Practice Merger -Please contact us by e-mail, telephone or by Fax for more details
of the products and services described in this web site.

Practice Merger

 

Practice Merger

 

Practice Merger from APMA

 

 

 

 

 

 

 

 

 

 

 

 

 

 

 

Practice Merger

Non-professional businesses tend to be valued, for the purposes of purchase, sale or practice merger transactions, on the basis of their underlying profitability. The capital value of a business is generally expressed as a multiple of perceived sustainable profits, so that an annual stream of net income is thereby converted into an equivalent capital sum.

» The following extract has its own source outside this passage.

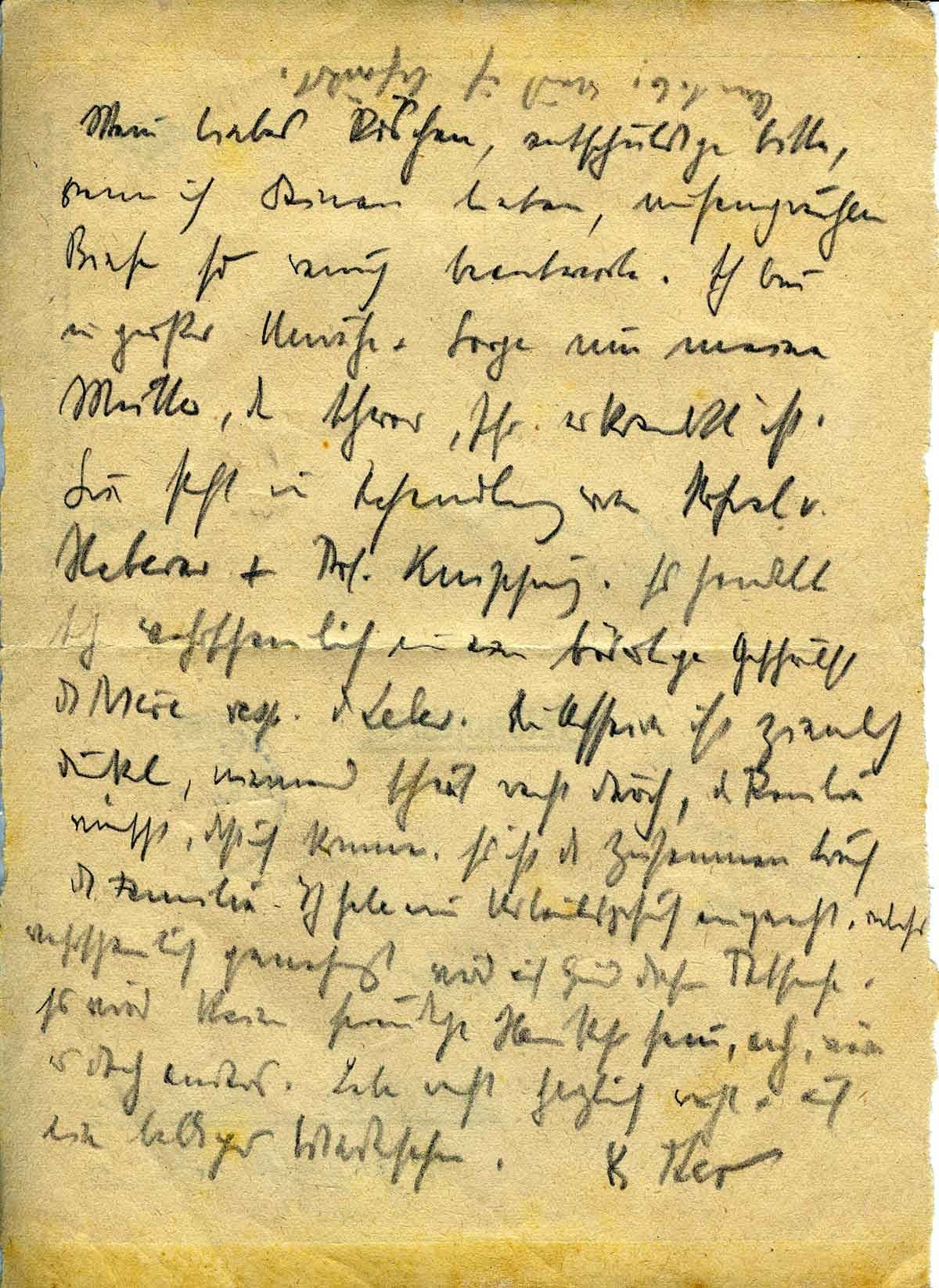 Entschuldige bitte, wenn ich Deine letzten , umfangreichen Briefe so wenig beantworte. Ich bin in großer Unruhe und Sorge um meine Mutter, die schwer, sehr erkrankt ist. Sie steht in Behandlung von Ursel von Haberer + Prof. Knipping. Es handelt sich wahrscheinlich um eine böse Geschwulst der Niere resp. der Leber. Die Affäre ist ziemlich dunkel, niemand schaut recht durch, die Familie wünscht, dass ich komme. Es ist der Zusammenbruch der Familie. Ich habe ein Urlaubsgesuch eingereicht, welches wahrscheinlich genehmigt wird aufgrund dieser Atteste. Es wird keine freudige Heimkehr sein, ach, wäre es doch anders.

On average, private companies are sold for between four to six times sustainable profit before tax when dealing in a practice merger. Higher multiples will apply where the existing business is regarded as very secure and, or there are realistic growth prospects. Lower multiples will apply where current profitability and profit prospects are less secure in a practice merger. Similarly, multiples will tend to increase as interest rates, and alternative yields, decline, and will tend to decrease as interest rates rise.

Goodwill represents the difference between the overall business valuation, arrived at on the foregoing basis, and the aggregate book value of the individual net assets carried in the balance sheet. To obtain a detailed analysis of the differences between the valuation of the practice merger in commercial businesses and accounting firms, you may purchase a copy of our Practice Valuation thesis from the APMA website.